Comment 4 Michael Osipov 2021-09-06 09:23:52 UTC
(In reply to Thomas Hoffmann from comment #3)
> Hello Michael,
> if the leak is reported without using JNDIRealm, it might be
> that your application creates an LDAP-Query or InitialDirContext without
> closing it?
> Maybe you can use a breakpoint in "com.sun.jndi.ldap.Connection" to see
> which code is causing the thread to start.
> I opened the bug because Tomcat is causing the thread to start, out of the
> scope of the web-application. It can also happen that a web application
> causes this leak report but then the application might be able to handle it.

One of the reasons is https://github.com/spring-projects/spring-ldap/issues/489

I have reviewed other spots, but always close/release connections as well as naming enumerations.
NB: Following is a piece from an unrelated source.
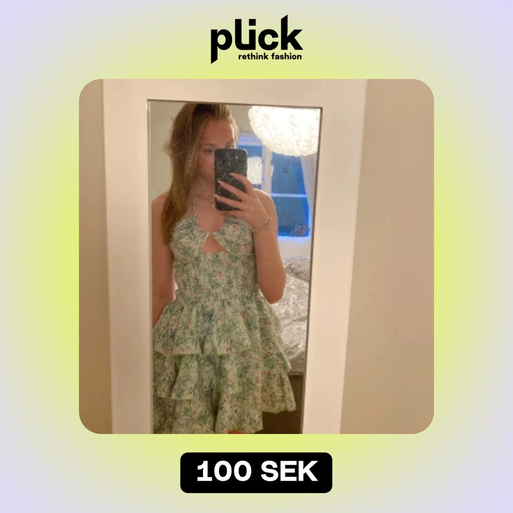 Kort klänning med volanger. Går att knyta bakom nacken men även fram som på sista bilden. Använd bara en gång så i bra skick!

One reaons could be that I create test connection in startInternal and that could be subject to not the webapp classloader.
I guess I have missed something.
Comment 5 Mark Thomas 2021-09-16 08:20:46 UTC
OpenJDK bug created

https://bugs.openjdk.java.net/browse/JDK-8273874

We will still need to address this in Tomcat to cover the time until we can guarantee that the version of the JRE that Tomcat is running on has the appropriate fix.
Comment 6 Mark Thomas 2021-09-28 07:29:14 UTC
Work-around added in:
- 10.1.x for 10.1.0-M6 onwards
- 10.0.x for 10.0.12 onwards
- 9.0.x for 9.0.54 onwards
- 8.5.x for 8.5.72 onwards

It will need to stay in place for these versions. Once there a fix in the JRE and Tomcat's minimum JRE version is known to include the fix, then we can remove the work-around.